> _YOUR GOAL_
From the records below, please print only the lines from the one containing "海水から得られる塩の結晶は、" through the one containing "հայտնվել Որոտան գետում", both included. Skip the pictures.

> _GIVEN INFORMATION_
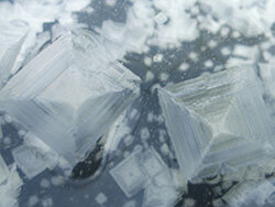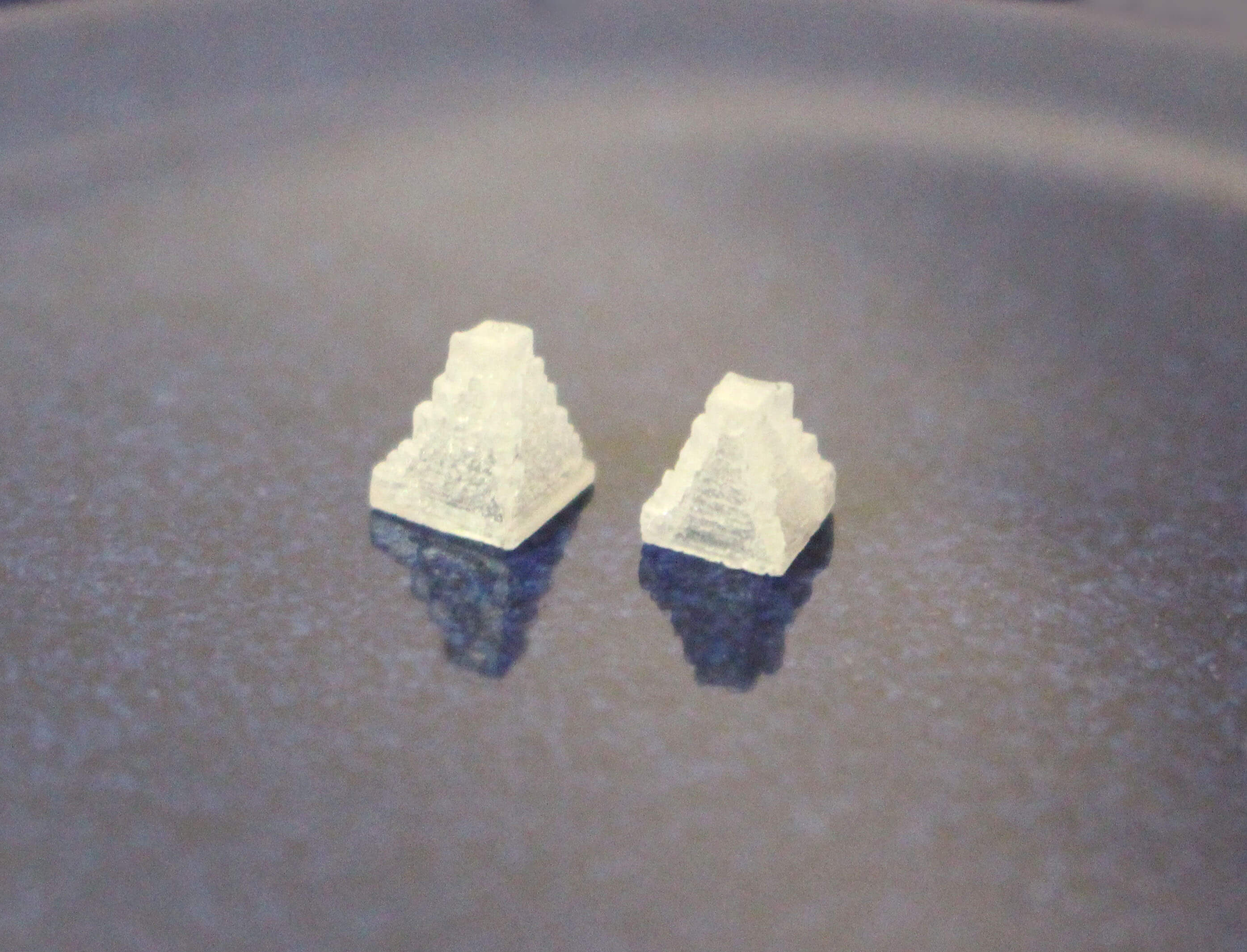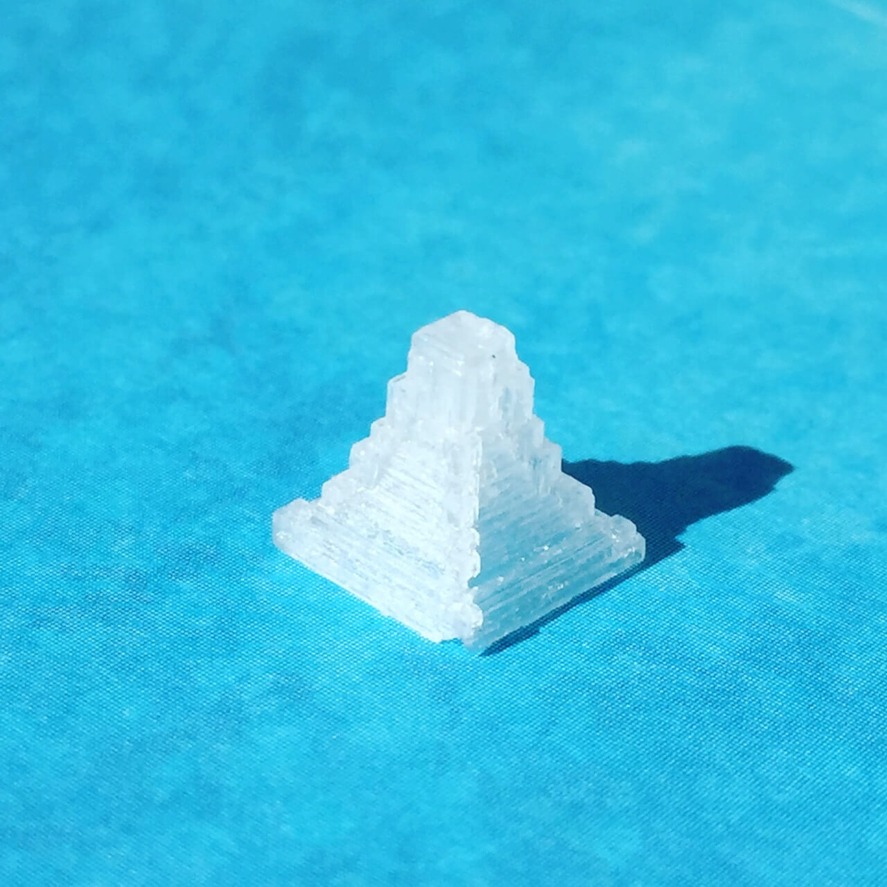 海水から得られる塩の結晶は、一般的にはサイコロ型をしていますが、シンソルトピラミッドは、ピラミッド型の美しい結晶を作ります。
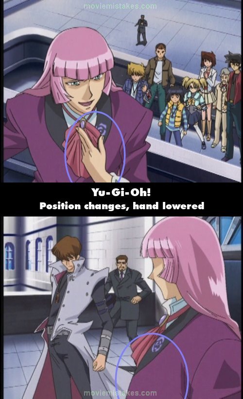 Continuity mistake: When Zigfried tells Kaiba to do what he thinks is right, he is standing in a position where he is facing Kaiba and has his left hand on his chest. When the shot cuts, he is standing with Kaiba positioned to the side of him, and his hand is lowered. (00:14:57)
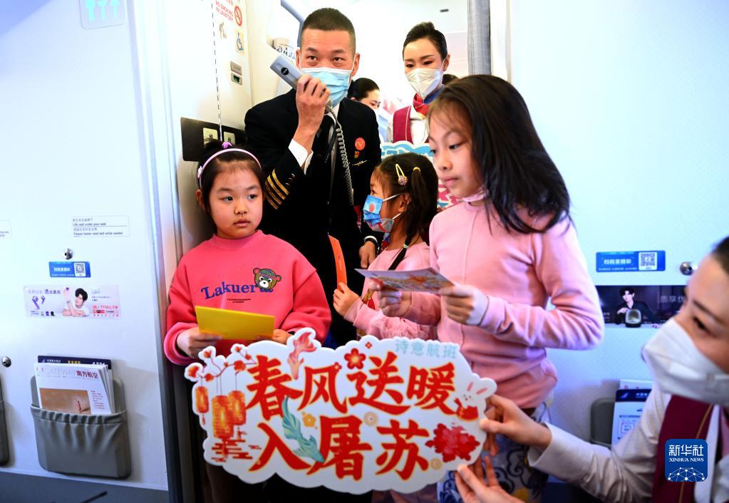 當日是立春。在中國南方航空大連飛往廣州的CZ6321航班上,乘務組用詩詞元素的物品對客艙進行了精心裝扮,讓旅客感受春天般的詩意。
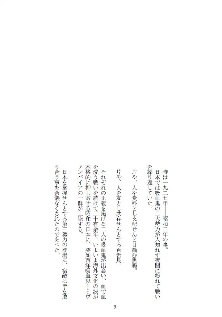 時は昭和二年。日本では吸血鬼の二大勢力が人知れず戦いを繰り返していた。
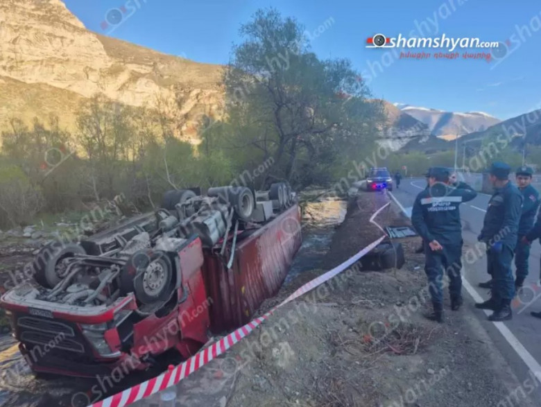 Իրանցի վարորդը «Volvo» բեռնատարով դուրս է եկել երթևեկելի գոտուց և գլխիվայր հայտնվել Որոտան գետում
* * *
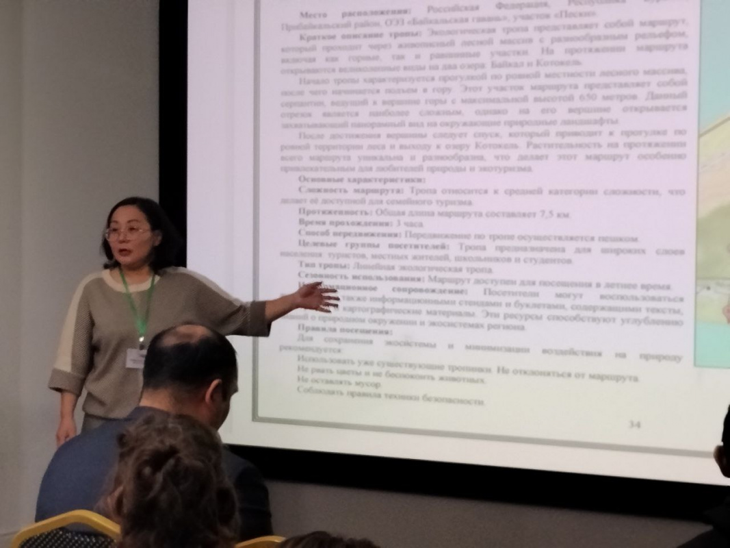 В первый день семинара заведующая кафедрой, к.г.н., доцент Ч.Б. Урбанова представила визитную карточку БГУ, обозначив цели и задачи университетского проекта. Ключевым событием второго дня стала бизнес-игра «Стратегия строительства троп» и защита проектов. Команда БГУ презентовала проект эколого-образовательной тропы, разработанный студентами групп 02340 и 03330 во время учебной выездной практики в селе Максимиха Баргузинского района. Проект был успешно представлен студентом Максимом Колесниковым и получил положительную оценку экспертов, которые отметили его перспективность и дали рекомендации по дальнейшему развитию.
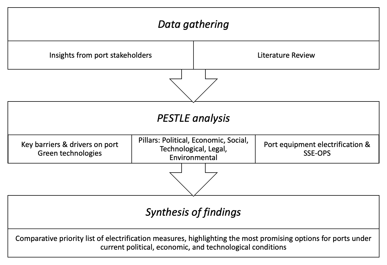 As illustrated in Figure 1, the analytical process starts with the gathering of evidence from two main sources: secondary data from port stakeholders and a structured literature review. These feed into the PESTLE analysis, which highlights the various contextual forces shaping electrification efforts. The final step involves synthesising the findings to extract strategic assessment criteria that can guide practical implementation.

> _TASK ANSWER_
 海水から得られる塩の結晶は、一般的にはサイコロ型をしていますが、シンソルトピラミッドは、ピラミッド型の美しい結晶を作ります。
 Continuity mistake: When Zigfried tells Kaiba to do what he thinks is right, he is standing in a position where he is facing Kaiba and has his left hand on his chest. When the shot cuts, he is standing with Kaiba positioned to the side of him, and his hand is lowered. (00:14:57)
 當日是立春。在中國南方航空大連飛往廣州的CZ6321航班上,乘務組用詩詞元素的物品對客艙進行了精心裝扮,讓旅客感受春天般的詩意。
 時は昭和二年。日本では吸血鬼の二大勢力が人知れず戦いを繰り返していた。
 Իրանցի վարորդը «Volvo» բեռնատարով դուրս է եկել երթևեկելի գոտուց և գլխիվայր հայտնվել Որոտան գետում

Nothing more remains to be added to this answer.